Comentando as últimas eleições legislativas, houve quem dissesse que o bipartidarismo já acabou em Portugal. Referia-se ao facto de um terceiro partido ter conseguido ombrear com os dois grandes partidos tradicionais (PS e PSD) e até alcançar o segundo lugar em número de deputados eleitos. Agora, nestas eleições autárquicas, verificou-se que afinal o bipartidarismo ainda existe, porque os dois partidos tradicionais apresentaram uma implantação no país muito superior a qualquer dos outros partidos. Aliás, se pensarmos que o PCP já presidiu a 55 câmaras municipais e o CDS a 37, podemos pensar que o bipartidarismo está mais forte. Então em que ficamos?

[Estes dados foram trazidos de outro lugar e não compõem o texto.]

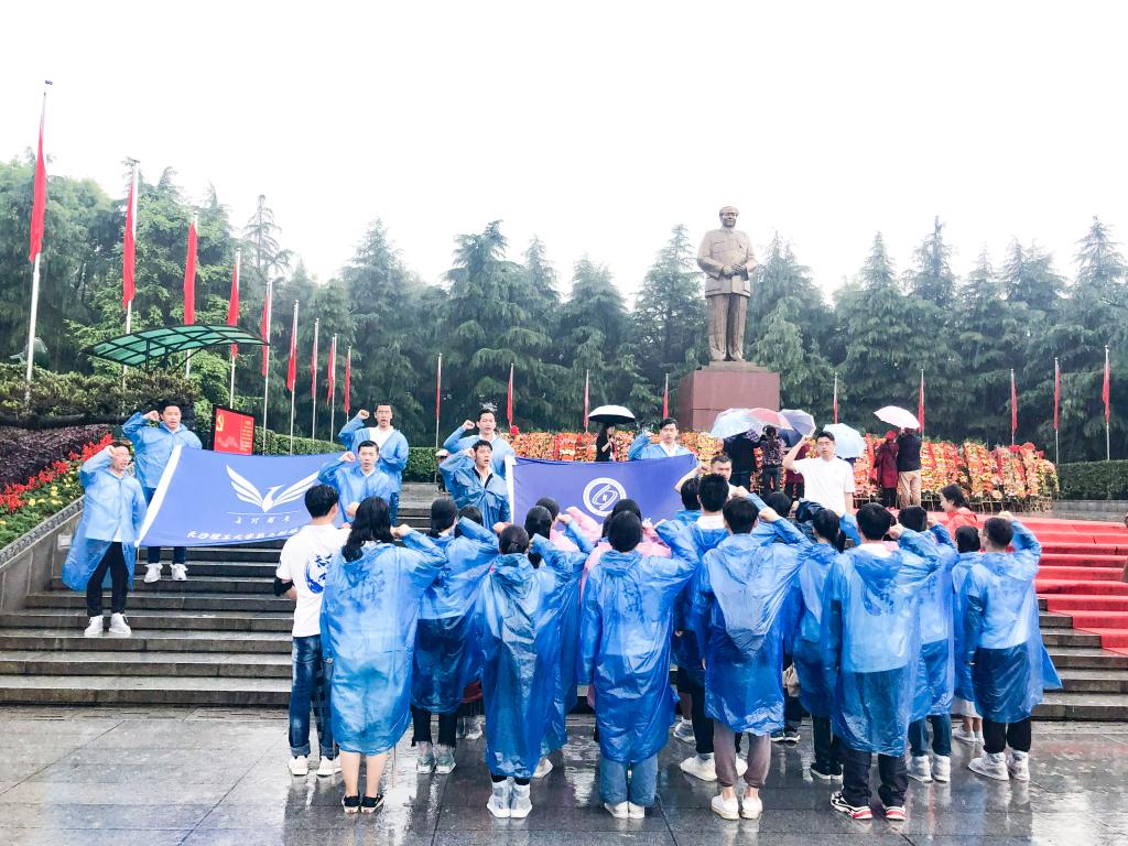 雄鹰班学员们在实践中成长,先后经历了曝晒和暴雨的极端天气的考验,经受住了长途跋涉对精神和身体的双重极限挑战。行进期间,旗帜飞扬,一路歌声不断,大家利用休息时间开展了红色故事分享会,原创诗歌创作,实时打卡等活动,气氛活跃,斗志昂扬。用脚步丈量青春,切身感受湖南的发展与变化。没有人掉队,没有人退缩,比预计时间更是提前了半小时抵达“红色圣地”韶山。在韶山,开展了系列爱国主义教育。向毛泽东铜像献花,在大雨中庄严宣誓,“翱翔九天不朽青云之志,逐梦一心建功时代辉煌!”誓词掷地有声!《睹主席遗物,学伟人风范,做合格党员》的精品党课滋养润心。在交流分享会上,经管学院杜逢清提到,“这将成为我人生最重要的记忆,在这样一个交通发达的时代,我们体验了一次长途跋涉的艰辛,想到红军长征二万五千里,真切的让我们感受到了信仰的力量。在雨中我们互相搀扶,互相鼓劲,让我倍感温暖。”

Quando falamos de bipartidarismo, não quer dizer que só haja dois partidos, mas que só dois partidos são capazes de formar governos, sozinhos ou liderando coligações com outros partidos menores. Assim tem acontecido, de facto, regularmente em Portugal, no atual regime democrático, em que um deles vai alternando com o outro na liderança do governo. Assim tem acontecido também em outros países, por exemplo, na vizinha Espanha, com a alternância entre o Partido Popular e o Partido Socialista (PSOE), ou no Reino Unido, com a alternância entre o Partido Conservador e o Partido Trabalhista.
Este tipo de alternância corresponde a um movimento pendular, ou a um dualismo próprio da luta política, que permite ao sistema político respirar e funcionar de maneira equilibrada, evitando que o poder seja sempre ocupado pelo mesmo partido; assim se evita, por um lado, a frustração de não haver uma alternativa e, por outro, reduz-se a tentação da corrupção de quem está tempo demais instalado no poder. Nestas condições, os partidos alternantes normalmente são moderados, posicionam-se um no centro-direita e o outro no centro-esquerda. Ou seja, são partidos que respeitam as regras básicas do sistema democrático, embora divergindo nas questões de governo.
Em Portugal, na Monarquia Constitucional, que foi o primeiro regime em que houve eleições regulares, a alternância bipartidária era conhecida como «rotativismo»; que é um termo ainda hoje usado para referir a atual alternância entre o PS e o PSD. Em Espanha, entre 1875 e cerca de 1917, funcionou um regime alternante idêntico, chamado «turno». Para quem quiser consultar (de fácil acesso pela internet), informo que a revista espanhola Aportes, de história contemporânea, publicou, no seu último número, um artigo meu dedicado a comparar o rotativismo português e o turno espanhol.
Como podemos então avaliar o fenómeno recente em Portugal de um terceiro partido que alcançou o segundo lugar na representação parlamentar, embora não tenha confirmado essa importância na implantação autárquica? Há que dar tempo ao tempo, para perceber se se trata de uma moda passageira ou se é uma tendência de fundo, mais estrutural e permanente. Por exemplo, já aconteceu em Portugal, em 1985, que o PRD (identificado com o general Eanes), alcançou o terceiro lugar muito perto do segundo, mas depois, em pouco tempo, desapareceu. Lembro-me de que em Espanha, há cerca de 15 anos, um partido da esquerda radical, Podemos, quase roubou o segundo lugar ao PSOE, mas depois, em pouco tempo, perdeu quase toda a sua importância.
Voltando ao caso deste novo partido populista em Portugal: se é verdade que nestas eleições autárquicas não confirmou os bons resultados das legislativas, nem por isso deve ser desvalorizado, pois mesmo nestas eleições avançou bastante na sua implantação no país. Além disso, este avanço inscreve-se numa tendência mais geral, visível em muitas grandes democracias, de um avanço da extrema-direita populista em detrimento da esquerda, baseado em idênticas razões, relacionadas, por exemplo, com o uso das «redes sociais», onde se espalha tanta contra-informação, ou com a entrada crescente de imigrantes, que tem causado bastante alarme social.
Todavia, há que dar tempo para que a sociedade, passado o efeito da novidade, conheça melhor as ideias e a qualidade dos membros deste partido. Por exemplo, se ele acusa os outros partidos de serem corruptos, pode afinal verificar-se que ele mesmo está impregnado de corrupção em numerosos dos seus membros. Além disso, se ele explora o descontentamento existente em várias camadas da população, pois agora os seus membros eleitos têm oportunidade de dar provas das suas capacidades.
Este partido beneficia do direito e da liberdade que o regime democrático assegura em igualdade aos outros partidos. Mas este é também o partido que assume abertamente ser contra o próprio regime democrático. Ora isso é tanto mais preocupante quanto mais força ele tiver. E deve levar todos os democratas a exercer influência e a esclarecer as camadas mais jovens e as menos informadas sobre os perigos que um partido como este traz consigo.